Oireachtas Joint and Select Committees
Tuesday, 25 April 2023
Joint Committee On Children, Equality, Disability, Integration And Youth
Possible Enhancement of Child Protection Powers of Tusla: Discussion
Mary Seery Kearney (Fine Gael) | Oireachtas source
I thank the delegation for their answers. It defies belief that any organisation or individual engaging with children at this moment would not have a culture of child protection first and foremost. I am shocked that we need to discuss this matter in terms of any organisations in existence since the 1980s. It is mind-blowing that organisations would not go to such a place.
Great procedures have been mentioned. Without doubt, there have been some nuggets in this debate from which I have taken great heart. However, for Tusla to have boots on the ground depends on whether we are talking about a Tusla-funded organisation or a non-funded organisation.
There is mandatory reporting. I think I heard that if a statement which is made to Tusla contains an express statement that makes allegations around the management of an organisation, you have the ability to go to the Garda and to say you need to go in and investigate more than just the individual, who is the alleged perpetrator, but beyond that. If there is not an express statement, however, you are limited to the allegations around an alleged perpetrator and then it is investigated by the Garda in the main. On this side of that, there is a safeguarding statement, which could be a cut-and-paste job that is lifted from some website somewhere, but there is no requirement of evidence of implementation.
I have practised in the area of privacy law and the general data protection regulation, GDPR. If I work with a organisation to put in its GDPR principles and privacy statement, it is way more than a statement - it involves every member of staff and everybody involved in that organisation absolutely understanding and challenging the culture and the work practices, etc.

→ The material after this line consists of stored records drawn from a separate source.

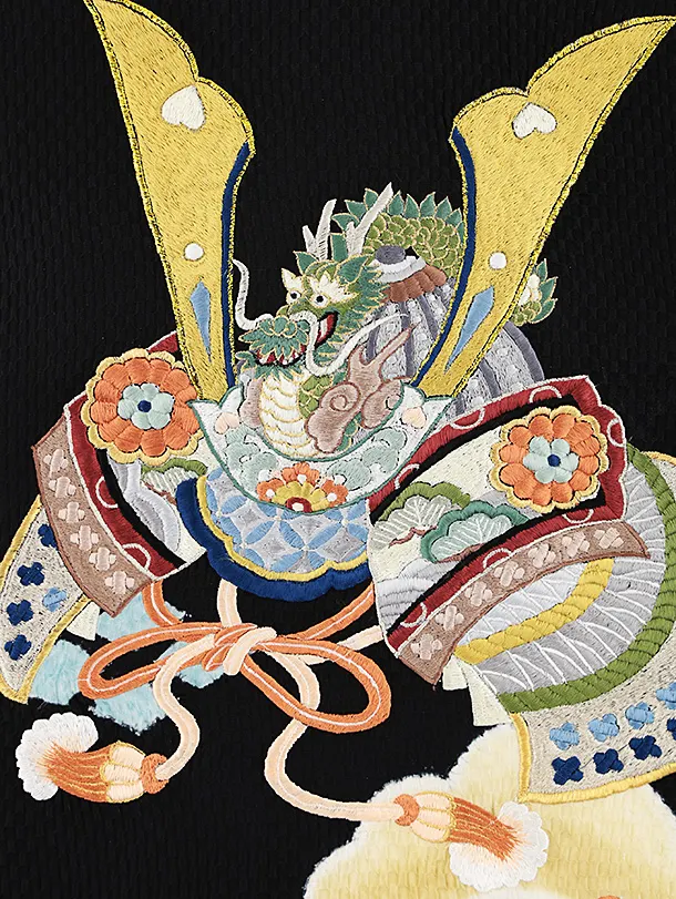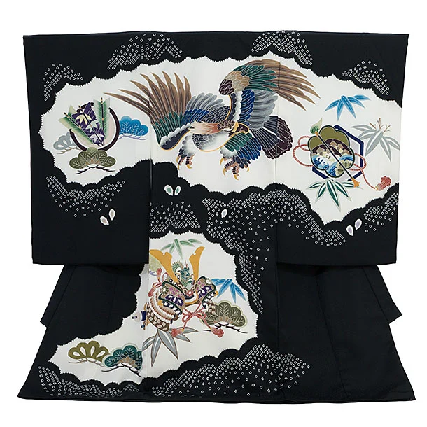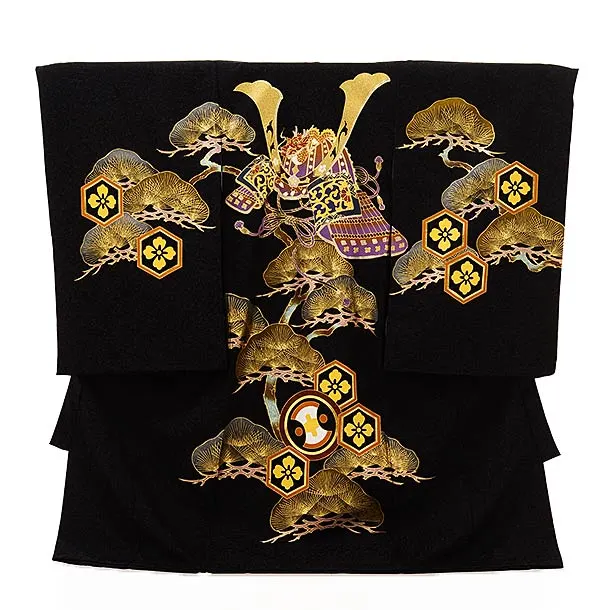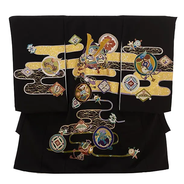 男児産着 お宮参りレンタル2639【正絹】黒地 兜刺繍に軍配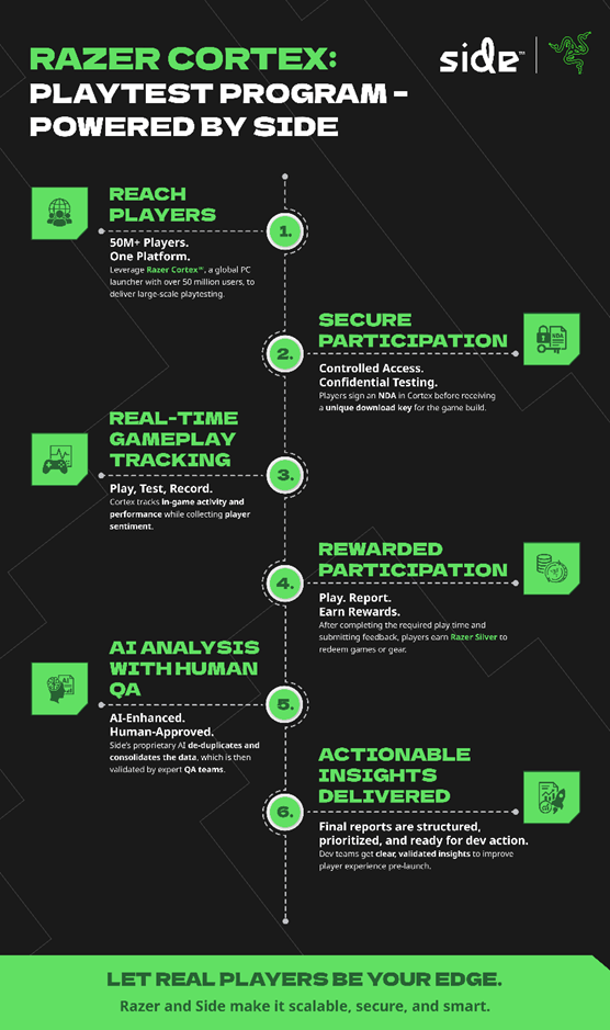 Con Razer Cortex Playtest Powered by Side, la industria da un paso hacia un futuro de QA más ágil, accesible y conectado con la comunidad.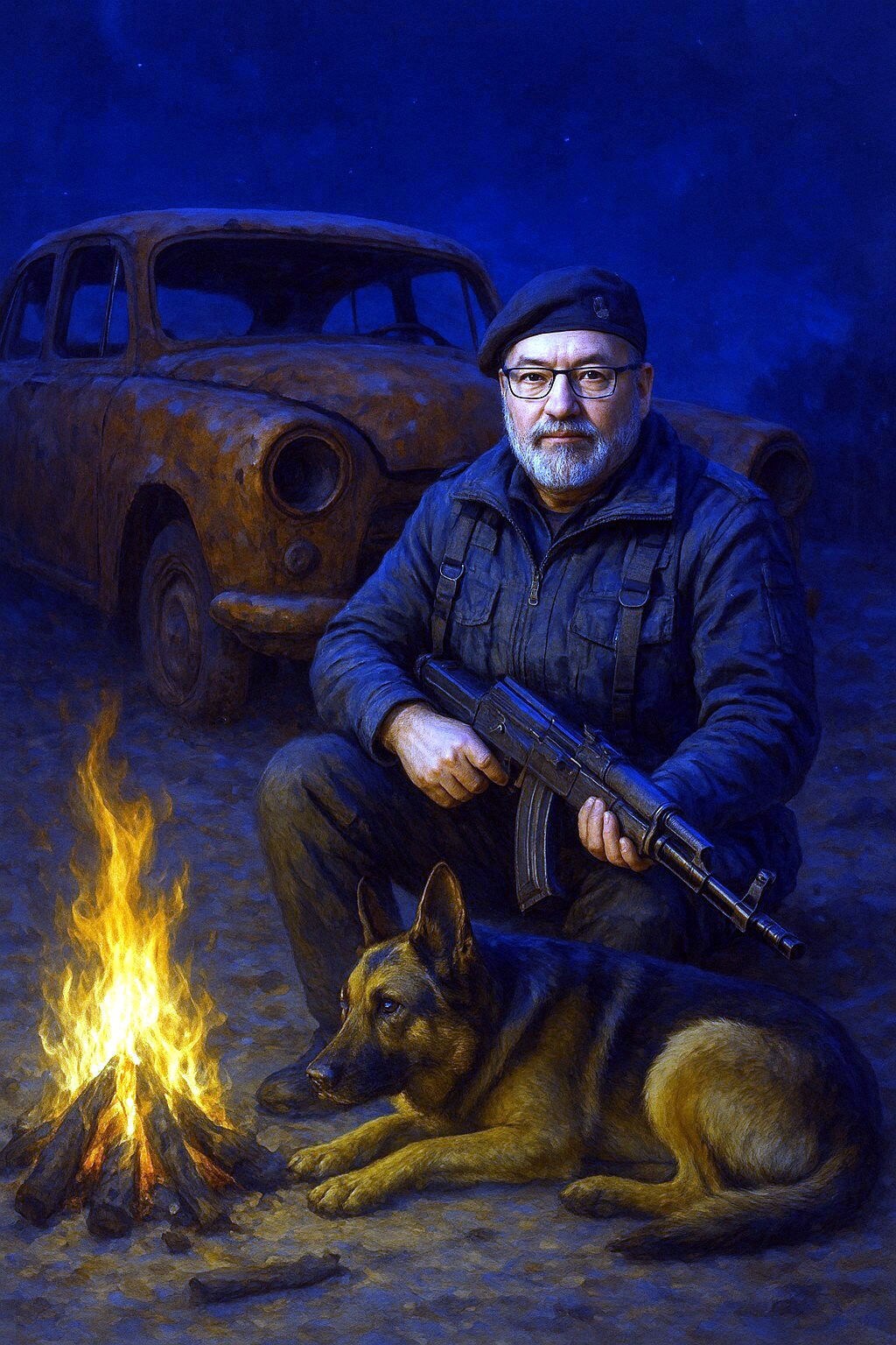 Я дёрнул Барсика за ошейник и, не отрывая взгляда от черноты между кузовами, медленно поднялся. АК-47 лёг на плечо, палец скользнул к спуску. Сердце билось глухо, как барабан. Ветер вдруг стих, и всё вокруг стало подозрительно тихо — только пламя костра шипело, словно знало, что его сейчас бросят.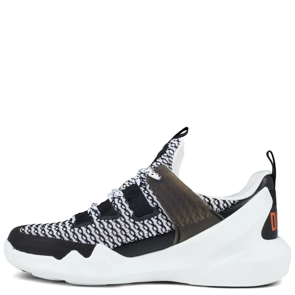 Elevate your casual footwear with these urban explores, the DLT-A Trainers by Skechers are crafted from a knit-mesh fabric for the upper and sit on a flexible, textured traction sole. The pair feature an air cooled memory foam cushioned insole for added comfort, supportive midsole that is light and shock absorbent, finished with eyelets and lace up closure. The pair is completed by the iconic Skechers logo to the tongue and DLT-A to the back of the heel.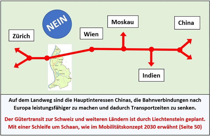 Die Schweiz tauscht mit China und Russland rege Waren aus. Für die ÖBB sehr lukrative Transportaufträge. Die Bahn durch Liechtenstein ist schneller als das Schiff. Als einzige hochrangige Verbindung Wien – Schweiz ist im ÖBB «Zielnetz 2025+» Feldkirch-Buchs eingezeichnet. Mit der Anbindung an die russische Bahn kommen mehr und längere Züge.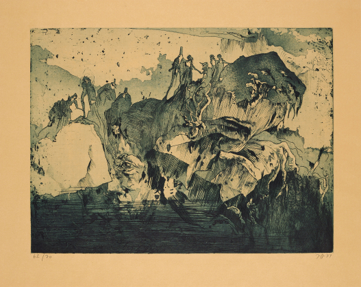 Technik: Mappe mit 17 Radierungen auf verschiedenfarbigem Velin. Mit Impressum und Deckblatt. In der originalen Kassette.
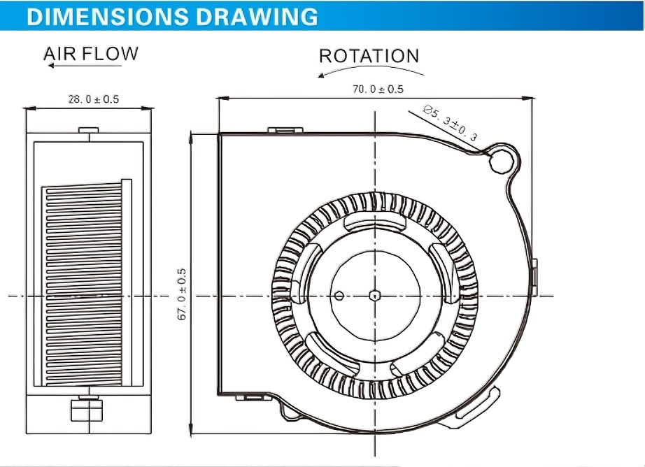 | Part NO. | mm | Type | VDC | RPM | CFM | mmH₂O | AMP | WATTS | dBA | g |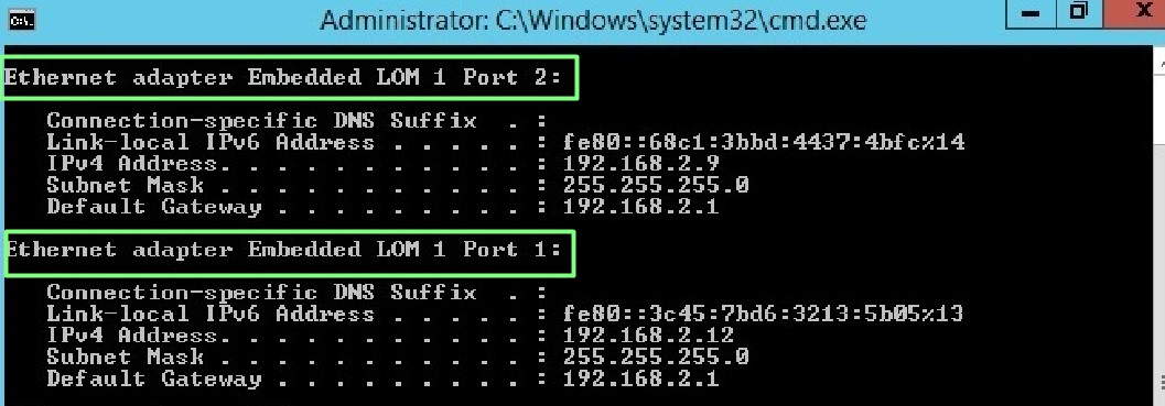 LOM1 (Port1 ve Port2) aktif durumda ve portlara daha önce IP yapılandırılması yapılmış.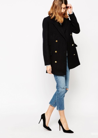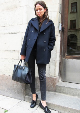 - with any clothes in an urban style, since a pea coat looks quite stylish and modern and fits perfectly into city landscapes;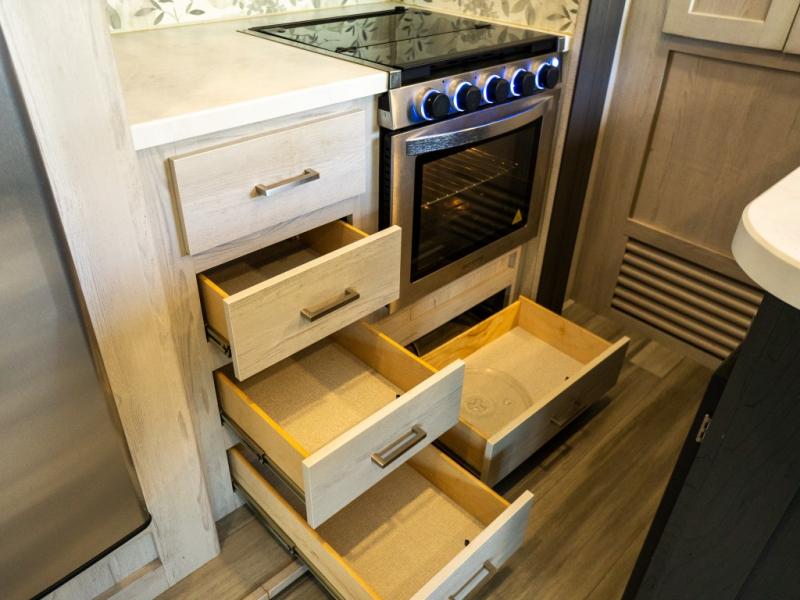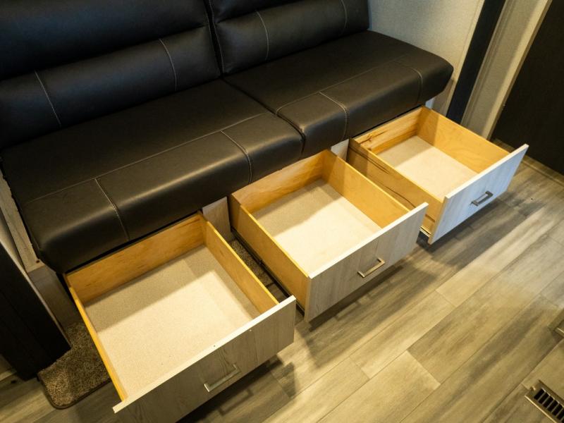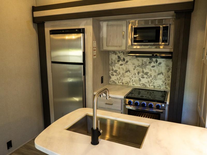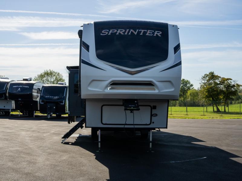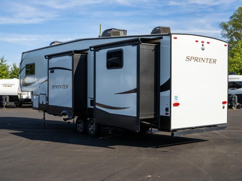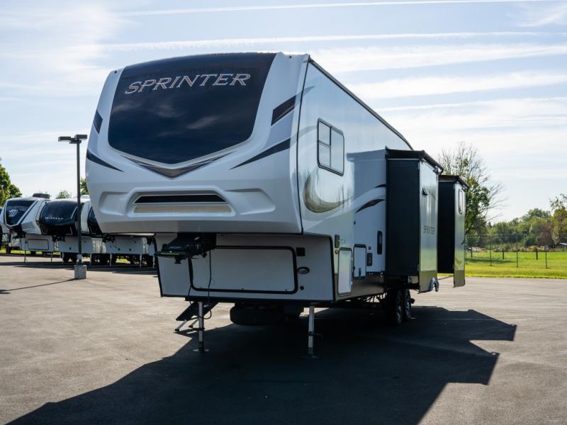 Redefine your camping experience with a Keystone Sprinter fifth wheel! You are sure to appreciate the exclusive features such as the in-floor heat ducts, the color-coded unified wiring, and the Tru-fit slide construction which resist leaking. Some premium features include crown molding, an eight function remote for the awning, stabilizers/leveling, slide outs and awning lights, and deep drawers with full extension heavy-duty guides. Each model is also prepped for solar power, a backup camera, plus 4G LTE and WiFi. Make camping easy by choosing your favorite Sprinter today!

I have evidence of that if the Data Protection Commission arrives in. We are talking here about child protection, which is even more important because of its lifelong consequences. There does not seem to be an analogous power in a non-funded organisation and I contend that there should be. According to the Minister's speech in the Seanad in response to a recent motion on this issue tabled by Fine Gael, Tusla has a child protection enforcement unit. That sounds fantastic but enforcement means actually being able to enforce by shutting down an organisation in the same way as can be done in the childcare sector. It is right that Tusla should have those powers.
There should be an ability for our child protection agency to go in and shut down any organisation, however formal or informal, if it does not have child safeguarding at its heart. Am I correct in what I have heard about an express statement, when it comes to the management of an organisation, in that Tusla needs that level of a statement to engage with An Garda Síochána? With regard to enforcement, how do we go to a place where there has to be evidence? Culture should be changing. Anybody who really cares about children and engaging with children should be paranoid about having proper culture in place.